Trump downplays threat from white nationalists: ‘I think it’s a small group of people’
In the wake of a deadly attack on two New Zealand mosques, carried out, according to police, by a white supremacist,
President Trump downplayed the danger posed by white nationalism.
Trump spoke to reporters on Friday afternoon, shortly after issuing the first veto of his presidency, which preserved
his declaration of an emergency over the threat to American safety from immigrants from Central America.
“I don’t really, I think it’s a small group of people that have very, very serious problems, I guess. If you look what happened in New Zealand, perhaps that’s the case. I don’t know enough about it yet … but it’s certainly a terrible thing,” the president said.
Trump, who said he reached out to New Zealand Prime Minister Jacinda Ardern to express his “sorrow” over the killings, described the latest terrorist attack to target Muslims as a “horrible, horrible thing.”
The president then pivoted to decry “crimes of all kinds coming through our southern border,” adding that “people hate the word invasion, but that’s what it is.”
Critics of the president have accused him using rhetoric that stokes unfounded fears about immigrants as he pursues a campaign promise of building a wall on the U.S. border with Mexico.
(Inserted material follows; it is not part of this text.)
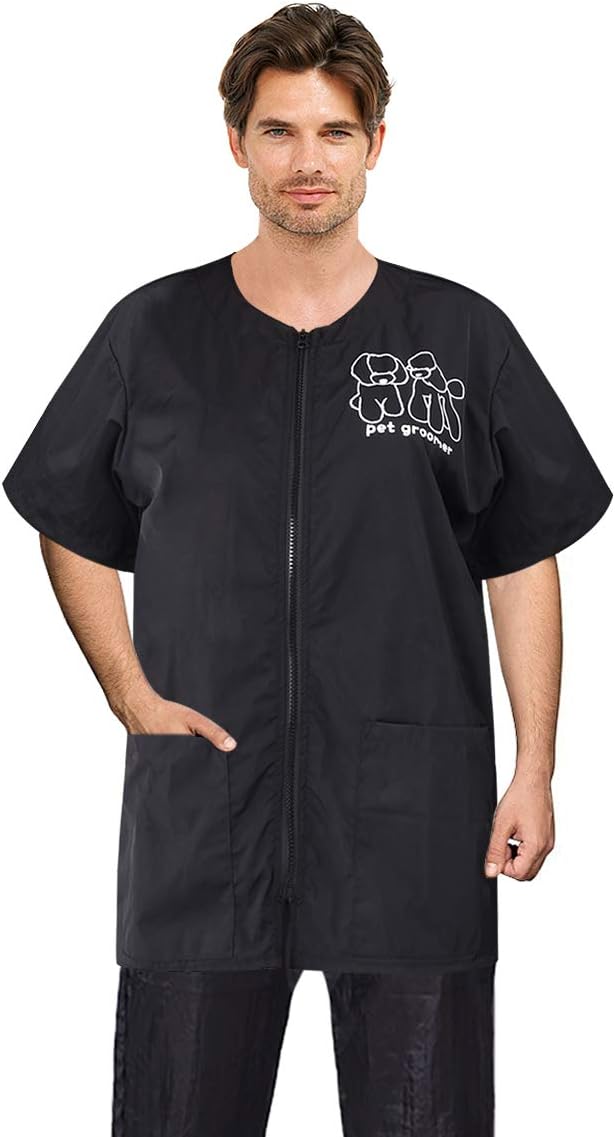 - 【Handy Pocket & Front Zipper】-- Double-sided pocket design, convenient to carry small grooming kit when it is necessarily and it is a professional work clothes for pet workers. This product features round neck with a full zipper which can slip on and off easily.

“The words and imagery coming out of the Trump administration and from Trump himself are heightening these fears,” Heidi Beirich, director of the Southern Poverty Law Center’s Intelligence Project, told reporters on a conference call last month.
“These images of foreign scary invaders threatening diseases, massive refugee caravans coming from the south. This is fear mongering.”
Some white supremacist groups have taken inspiration from Trump’s depiction of immigrants as a threat to American safety and prosperity.